Эта сентиментальность была поначалу естественным выражением безграничной печали; потом в ней появилось что-то нездоровое и, как писал Беннетт, гнетуще-таинственное. Живые должны жить среди живых и для живых; если чтить умерших — похвально и благочестиво, то приносить им человеческие жертвы — жестоко. Одолеваемый беспокойством, раздираемый воспоминаниями, мучимый невозможностью хранить верность прошлому, я постарался из второй женитьбы сделать ничего не значащий пустяк; по-видимому, я смутно и наивно надеялся, что эта новость, сжатая до двух слов, не достигнет печального царства. По тем же причинам, вернее, из-за того же суеверного страха и вопреки просьбам моей новой жены я долгое время отказывался говорить ей «ты», прячась за самые нелепые отговорки; я привез ее в Нёйи, в квартиру, дышащую воспоминаниями о другой женщине, и когда она попыталась отнестись к моим детям, как к своим собственным, я препятствовал их сближению такими придирками и оговорками, на которые не способно ни одно здравомыслящее существо. Мой нелепый запрет называть Симону «мамой» надолго поселил между ней и детьми чувство неловкости, воздвиг прозрачную, но непреодолимую словесную стену. Увы, я не был здравомыслящим существом.
Чары мертвых сильны и опасны. Мертвые неподвластны случайностям, искушениям и ошибкам, ибо «раз и навсегда их изменила вечность». В течение двух лет, никем не останавливаемый, я создавал неземной образ, любовно оттачивал воспоминания, сочинял траурные гимны. Я совершил непростительную ошибку, пожелав приобщить к этому культу женщину, которой отдал свою любовь. Она уступила мне, но очень страдала. Прислуга и бонна противились ее приказам, ссылаясь на волю «мадам»; «мадам» стала неуловимым, заколдованным призраком. Перемена власти вызвала всеобщее недовольство: кухарка, шофер, его жена, которую дети звали «mammy Georges», упрямо отстаивали свои права, принадлежавшие им якобы с незапамятных времен.

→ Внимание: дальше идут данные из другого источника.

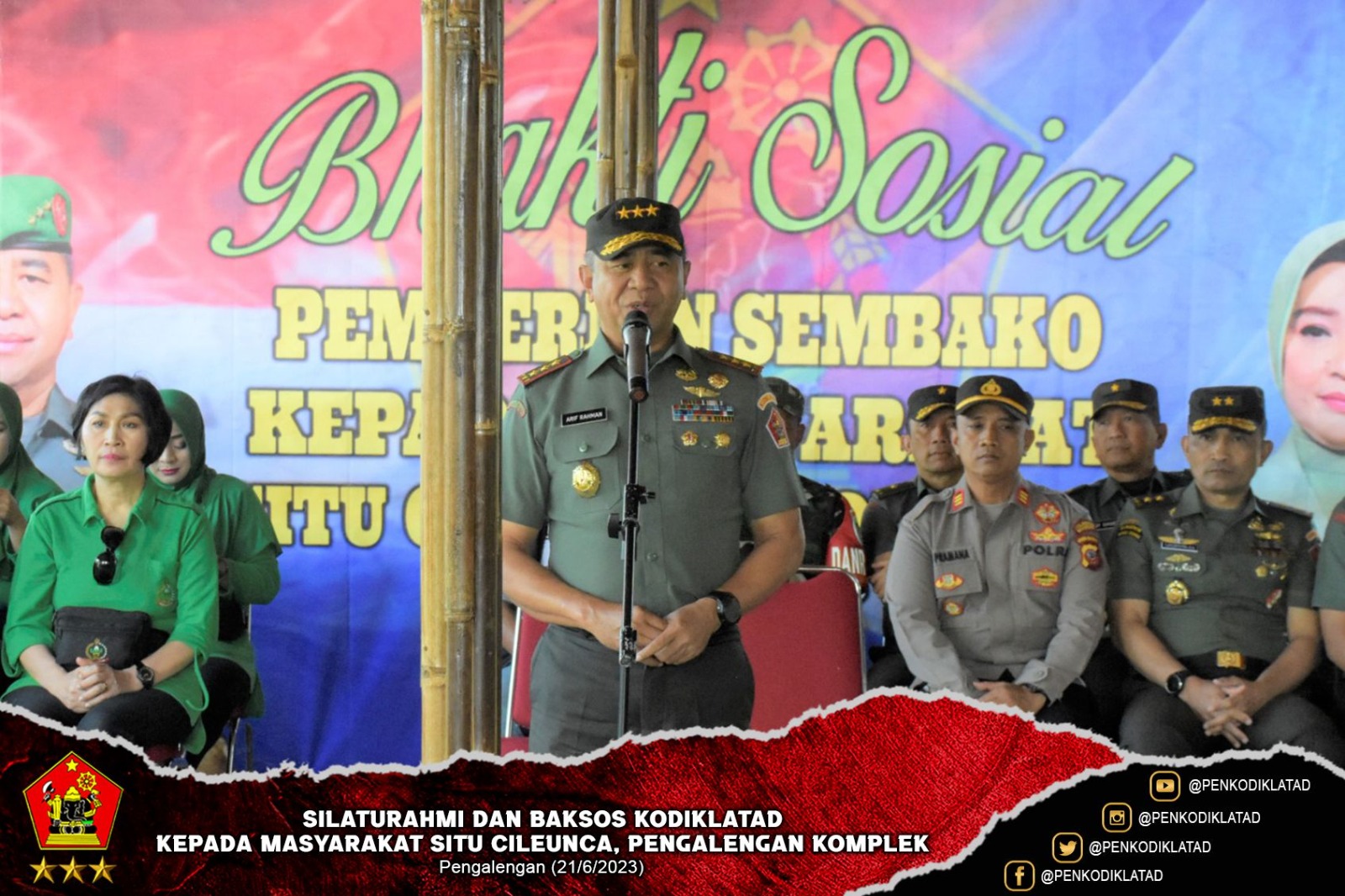 Situ Cileunca. Komandan Kodiklatad Letjen TNI Arif Rahman, M.A. didampingi Ketua Persit KCK PG Kodiklatad Ny. Mia Arif Rahman beserta para PJU dan Team Tradoc Runners melaksanakan Silaturahmi dan Bakti Sosial kepada masyarakat Situ Cileunca, Pangalengan Komplek. Kamis (22/6/2023)

Лишь много позже Симона призналась мне, что, несмотря на узы глубокой любви, связывавшие нас, в первый год нашей совместной жизни она была до отчаянья несчастна. Я ни о чем не догадывался. Мы слепы, когда речь идет о чувствах других.
Налаживание отношений с друзьями для новой супружеской четы тоже дело нелегкое. Мои друзья из Понтиньи с угрожающим упорством продолжали настраивать меня против светских знакомств и их гипнотического воздействия. Правы ли они были? Свет в лучших своих проявлениях многому научил меня, а в тяжелые времена успокаивал своей неизменностью и надежностью. Мои связи никак не отразились ни на моих политических взглядах, которые остались теми же, какими их сформировал Ален, ни на круге чтения, ни на жизненном опыте. Для писателя единственная опасность светской жизни заключается в том, что она отнимает много драгоценного времени, которое следовало бы посвятить чтению или размышлениям. В свете романист находит своих персонажей, но теряет время, а нередко и право описывать своих героев правдиво. Возможно, лучший выход из положения нашел Пруст: изучить светское общество, а затем отстраниться от него: заболеть или уйти в затвор. В жизни человека творческого трудно вычислить необходимую меру одиночества.
Приблизительно в это же время я открыл для себя политиков. В былые времена в Нормандии я знавал лишь местных лидеров невысокого полета. Вожди политических партий, министры и президенты казались мне личностями легендарными. И если бы мне, как доктору Коттару у Пруста, Сван сказал: «Я обедал у президента Республики», я был бы не менее его ошеломлен. Меж тем Пуанкаре, бывший президент Республики, а в ту пору президент Государственного совета, запросто приходил к моей теще — как обыкновенный смертный, готовый ответить на любые вопросы и даже озабоченный тем, чтобы его поняли и оценили (так месье де Норпуа приходил к мадам де Вильпаризи[169]). Как-то раз один американский журнал заказал мне статью о бывшем президенте, и Симона попросила Пуанкаре рассказать про начало его карьеры. Он с готовностью принялся вспоминать все до мельчайших подробностей, оборачиваясь то и дело к жене и говоря ей нежно и трогательно: «Верно, Анриетта?.. Ведь это было в 1897-м?..»
В тот день я узнал, что политиком он стал случайно, никогда не помышляя о политической карьере. Как ни странно, он был застенчив и от этого несколько категоричен.
«Не ездите слишком часто по заграницам, — сказал он мне, — как только покидаешь площадь Согласия, в голову начинает лезть всякий вздор».